Created attachment 859252 [details] Capture from vmstat covering another light freeze Another log. Similar scenario as the previous log. The two lines 0 10 441668 414040 3752 359076 0 0 1560 40 444 1334 1 0 74 25 1 1 441668 411140 3752 358516 32 0 5420 0 1067 4342 8 4 22 67 at the end was triggered by me switching to another virtual workspace (to make a copy of the capture file), e.g. just normal short term please-be-patient-while-I'll-read-something-from-disk unresponsiveness.
Created attachment 869276 [details] Capture from vmstat covering a serious problem occurrence I have before attached logs with super mild occurrences of the problem. Here comes an example of the worst occurrences. The log is a capture of running while uptime; do env LC_ALL=C date; free -m; cat /proc/sys/fs/file-nr; vmstat -n 1 60; done Compare the responsiveness from the beginning of the log with the end. Under normal conditions, ten rounds of executing the while loop takes ten minutes. At the end it takes two hours! $ grep Feb typescript.vmstat.026 | head Tue Feb 11 15:00:07 CET 2014 Tue Feb 11 15:01:06 CET 2014 Tue Feb 11 15:02:05 CET 2014 Tue Feb 11 15:03:04 CET 2014 Tue Feb 11 15:04:04 CET 2014 Tue Feb 11 15:05:03 CET 2014 Tue Feb 11 15:06:02 CET 2014 Tue Feb 11 15:07:01 CET 2014 Tue Feb 11 15:08:00 CET 2014 Tue Feb 11 15:08:59 CET 2014 $ grep Feb typescript.vmstat.026 | tail Thu Feb 13 07:19:19 CET 2014 Thu Feb 13 07:21:39 CET 2014 Thu Feb 13 07:29:41 CET 2014 Thu Feb 13 07:52:10 CET 2014 Thu Feb 13 07:54:40 CET 2014 Thu Feb 13 08:51:53 CET 2014 Thu Feb 13 08:53:05 CET 2014 Thu Feb 13 08:54:12 CET 2014 Thu Feb 13 08:55:43 CET 2014 Thu Feb 13 09:12:36 CET 2014 $ This occurrence started Wednesday at Wed 11:32 and I let it sit though out the day in hope that it would recover (borrowing a colleague's pc meanwhile). It did not, and when it had not even recovered the next morning I rebooted by cutting the power. This is with a stock 3.13.0 kernel compiled manually, e.g. not the kernel from the official fedora kernel package, just to eliminate any potential problem with the patches applied there.
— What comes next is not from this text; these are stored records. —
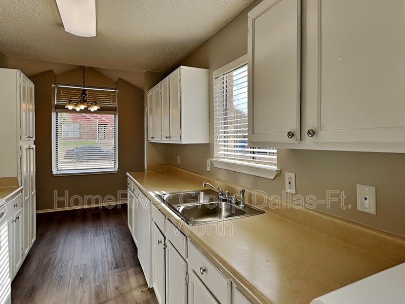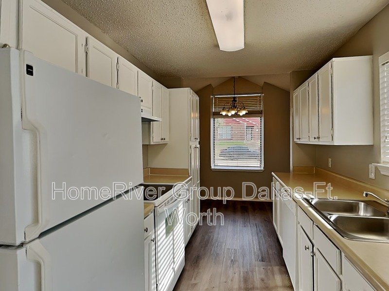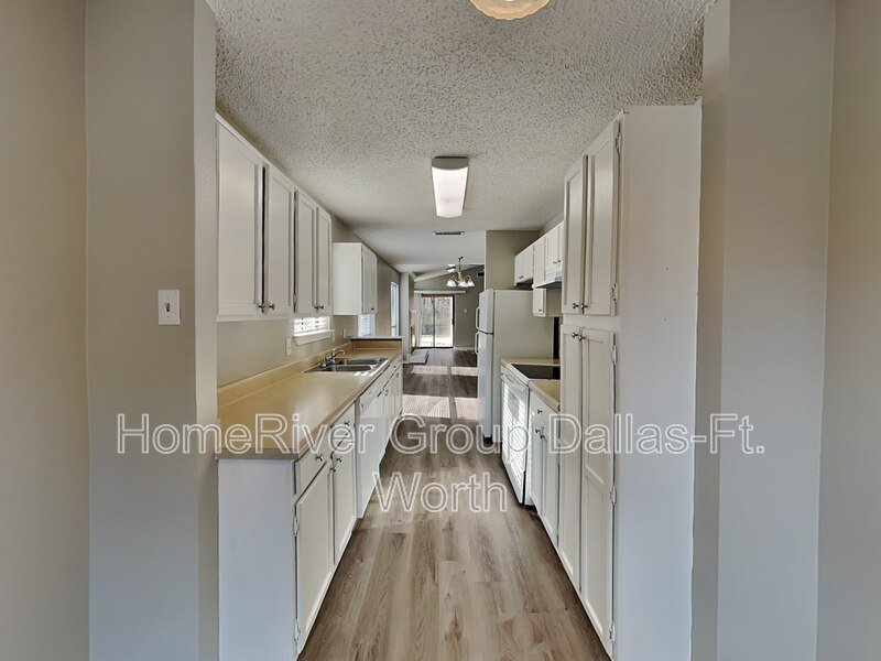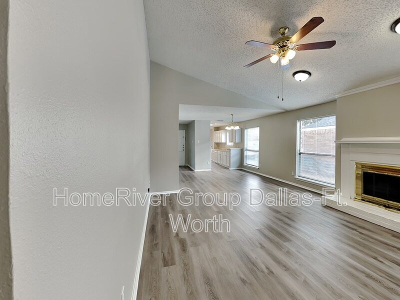 Charming 3-bedroom, 2-bathroom home in Mesquite, TX! The spacious living room with a cozy fireplace flows into a kitchen with ample cabinet space, and the REFRIGERATOR IS INCLUDED. All bedrooms feature wood vinyl flooring, with the primary bedroom enjoying it's very own private bathroom. The home also includes a large fenced backyard and a 2-car garage for convenience.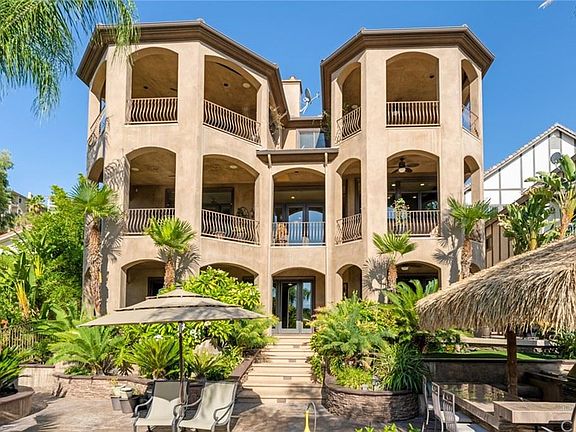 This is a spectacular 3 story lake front home on Canyon Lake's "Million Dollar Mile" with a lake view from every level. You enter through exquisite double doors into an elegant foyer with a soaring 24' ceiling into 7,360 square feet of luxury. The main level has an open floorplan which includes a full-length deck, formal living room, formal dining room, family room, gourmet kitchen with a large island, walk in pantry and an en suite bedroom with walk in closet. All 4 bedrooms have walk in closets. A curved staircase or the elevator takes you to the 3rd floor. There you'll find an exquisite master retreat with 2-sided fireplace, large walk-in closet and a dream bathroom. There are 2 additional en suite bedrooms with balconies. Also, an oversized laundry room. There are a total of 4 balconies in the home. The lower level offers a large recreation room with wet bar, a very large office and an exercise room and 3/4 bath. Double French doors take you to an inviting patio. The backyard is a lush tropical paradise which includes an outdoor kitchen, spa, gorgeous swimming pool with waterfalls, grotto and swim up bar. There are over 50 palm trees and many flowering bushes all leading to a beach area with fire pit, 60' of waterfront and a covered boat dock with a Hydro lift. There is a motor home garage, golf cart garage and a 2-car garage. Plenty of storage for all your lake toys. This home must be seen to appreciate all the elegant features. Too many to list. There is also solar and propane. Come to prestigious Canyon Lake and view this amazing property in a community called "A Little Bit of Paradise".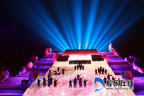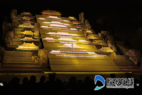 膠東在線網泰安10月18日訊(特派記者 魏琪)在結束了世紀金榜的采訪之后,18日下午,“文化強省看山東——第七屆中國網絡媒體山東行”采訪團一行又馬不停蹄的趕往泰安,一路顛簸來到了有“天下第一山”之美譽的泰山,并于當晚觀看了大型實景演出《中華泰山封禪大典》。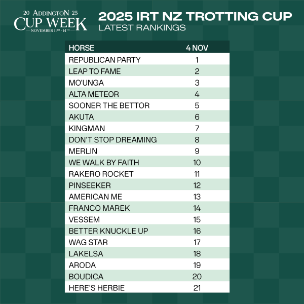 The final rankings for both the New Zealand Cup and the Renwick Farms Dominion Trot will be released following the running of the Kaikoura Cup meeting this afternoon.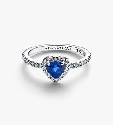 Pandora September Crystal Birthstone Elevated Princess Blue Heart Ring

Created attachment 869277 [details] Plot of a subset of the vmstat values The graphs for wa, id and b super clearly show the problem starting at around sample number 7500. There are also some insanely high spikes for in and cs, although this occurs some time after the problem starts, so it probably is more an effect than cause. I have been running linux since 1994 and have even tried swapping to /dev/fd0 back in the days. This is like nothing I have ever experienced before. I assume I am just unlucky to trigger this problem through my usage pattern, because this cannot be a common problem, otherwise this would have been a well known news story with some serious effort invested by the kernel developers to try to solve. So even though it probably only hits me, can you please put a little investigation effort in? My work pc is next to unusable unless I reboot daily or even more often. Are there any debug configs or patches I should apply for testing?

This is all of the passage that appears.